前言
挺久没有沉下心来好好的去研究分析一个自认为有意思的东西
解析流程
请求路径
/webshell.jsp/123.txt
调用栈
buildInvocation:4175, WebApp (com.caucho.server.webapp)
buildInvocation:798, WebAppContainer (com.caucho.server.webapp)
buildInvocation:753, Host (com.caucho.server.host)
buildInvocation:319, HostContainer (com.caucho.server.host)
buildInvocation:1068, ServletService (com.caucho.server.cluster)
buildInvocation:250, InvocationServer (com.caucho.server.dispatch)
buildInvocation:223, InvocationServer (com.caucho.server.dispatch)
buildInvocation:1610, AbstractHttpRequest (com.caucho.server.http)
getInvocation:1583, AbstractHttpRequest (com.caucho.server.http)
handleRequest:825, HttpRequest (com.caucho.server.http)
dispatchRequest:1393, TcpSocketLink (com.caucho.network.listen)
handleRequest:1349, TcpSocketLink (com.caucho.network.listen)
handleRequestsImpl:1333, TcpSocketLink (com.caucho.network.listen)
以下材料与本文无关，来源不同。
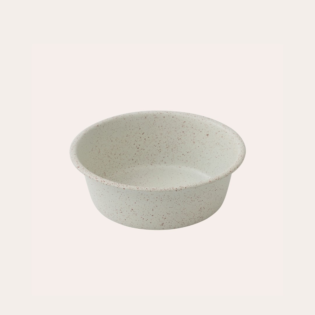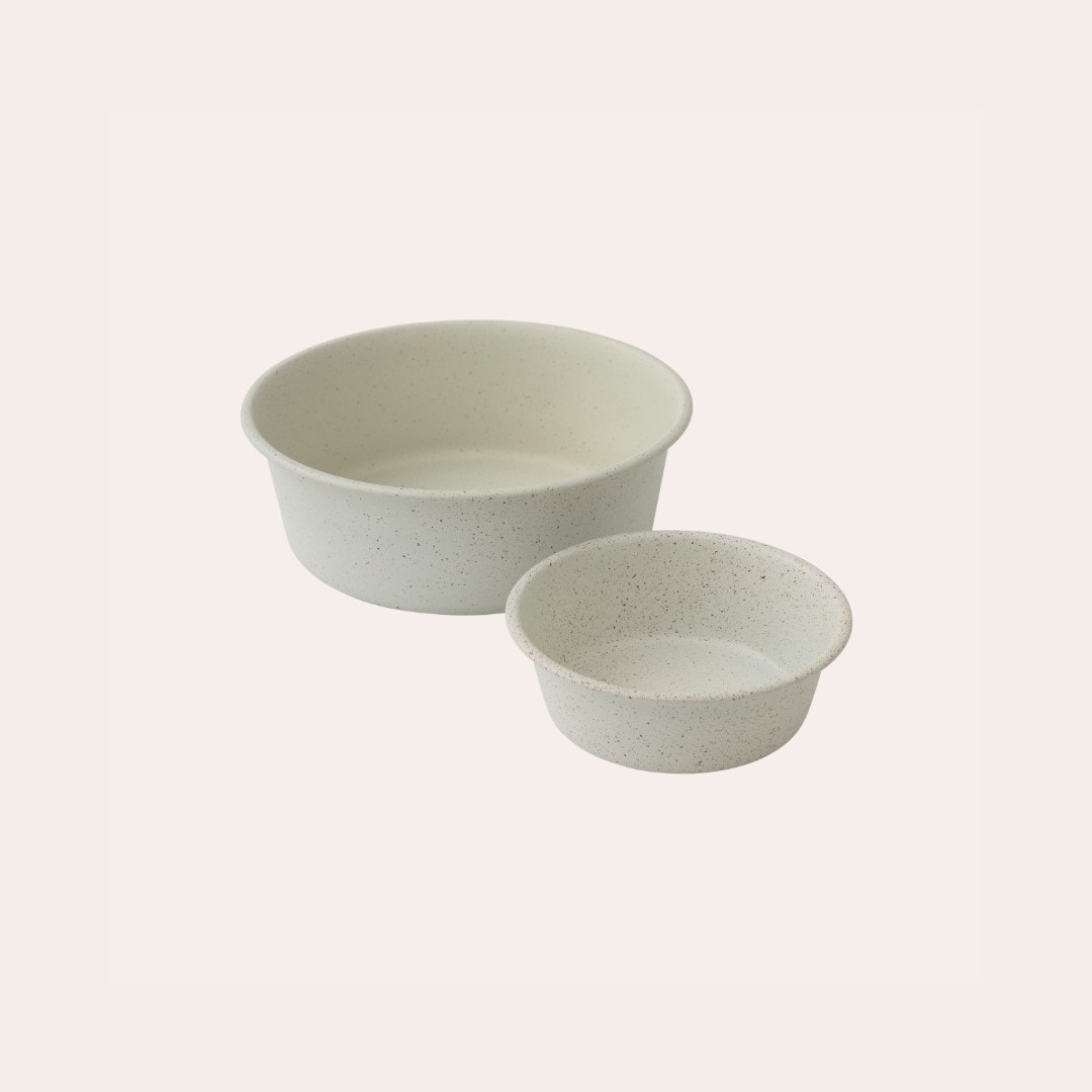 Hundskål i metall i spräckligt mönster med antiglid på botten så att den står stadigt på golvet. S 13,5 cm x 4,5 cm 470 ml, L 21 cm x 5 cm 1800 ml.
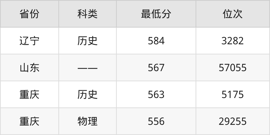 2025年成都中医药大学运动康复专业在重庆录取最低分:历史组是563分,对应位次排名是5175名;物理组是556分,对应位次排名是29255名。
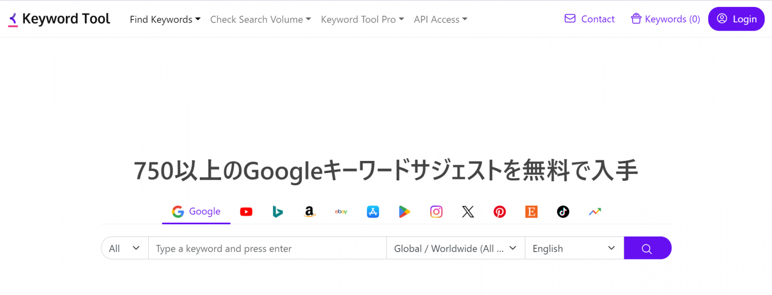 無料で使える、海外製のサジェストキーワード取得ツールです。サジェストキーワードとは、検索した際に予測表示されるキーワードで、ツールにより多くのキーワードを取得できます。Keyword Toolはたくさんのキーワードが抽出できる点が魅力です。ただし、検索ボリュームを調べたい場合は、有料プランへの移行が必要です。

handleRequests:1241, TcpSocketLink (com.caucho.network.listen)
调试解析流程来到
com.caucho.server.webapp.WebApp#buildInvocation(com.caucho.server.dispatch.Invocation, boolean)
//...
if (isCache) {
entry = (FilterChainEntry)this._filterChainCache.get(((Invocation)invocation).getContextURI());
}
FilterChain chain;
if (entry != null && !entry.isModified()) {
//...
}
} else {
chain = this._servletMapper.mapServlet((ServletInvocation)invocation);
this._filterMapper.buildDispatchChain((Invocation)invocation, chain);
chain = ((Invocation)invocation).getFilterChain();
chain = this.applyWelcomeFile(DispatcherType.REQUEST, (Invocation)invocation, chain);
if (this._requestRewriteDispatch != null) {
FilterChain newChain = this._requestRewriteDispatch.map(DispatcherType.REQUEST, ((Invocation)invocation).getContextURI(), ((Invocation)invocation).getQueryString(), chain);
chain = newChain;
}
entry = new FilterChainEntry(chain, (Invocation)invocation);
chain = entry.getFilterChain();
if (isCache) {
this._filterChainCache.put(((Invocation)invocation).getContextURI(), entry);
}
}
chain = this.buildSecurity(chain, (Invocation)invocation);
chain = this.createWebAppFilterChain(chain, (Invocation)invocation, isTop);
((Invocation)invocation).setFilterChain(chain);
((Invocation)invocation).setPathInfo(entry.getPathInfo());
((Invocation)invocation).setServletPath(entry.getServletPath());
if (this._oldWebApp != null && CurrentTime.getCurrentTime() < this._oldWebAppExpireTime) {
Invocation oldInvocation = new Invocation();
oldInvocation.copyFrom((Invocation)invocation);
oldInvocation.setWebApp(this._oldWebApp);
this._oldWebApp.buildInvocation(oldInvocation);
invocation = new VersionInvocation((Invocation)invocation, this, oldInvocation, oldInvocation.getWebApp(), this._oldWebAppExpireTime);
}
var26 = invocation;
return (Invocation)var26;
}
从_filterChainCache
通过请求路径获取缓存的FilterChainEntry
实体类,缓存中获取不到的话会调用this._servletMapper.mapServlet
来进行获取
entry._regexp.matcher(uri);
通过URI去匹配规则,因为^.*\.jsp(?=/)|^.*\.jsp\z
该正则的缘故,所以这里能将xxx.jsp/123.xxx给匹配为xxx.jsp
请求走了ServletMapping[url-pattern=*.jsp, name=resin-jsp]
的处理机制
com.caucho.server.dispatch.ServletMapper#mapServlet
下面代码这里会创建chain
创建完成后,到com.caucho.server.http.HttpRequest#handleRequest
调用invocation.service
执行filterChain走到com.caucho.server.dispatch.PageFilterChain#doFilter
进行jsp page的处理。
解析PHP
在/conf/app-default.xml
文件中有这么一项,php后缀文件使用com.caucho.quercus.servlet.QuercusServlet
来解析
使用默认的resin配置是会将这条规则进行加载的
QuercusServlet
会调用Quercus
来解析PHP
resin官方说明文档:http://quercus.caucho.com/
路径解析特性
escape编码解析
调用栈
splitQueryAndUnescape:254, InvocationDecoder (com.caucho.server.dispatch)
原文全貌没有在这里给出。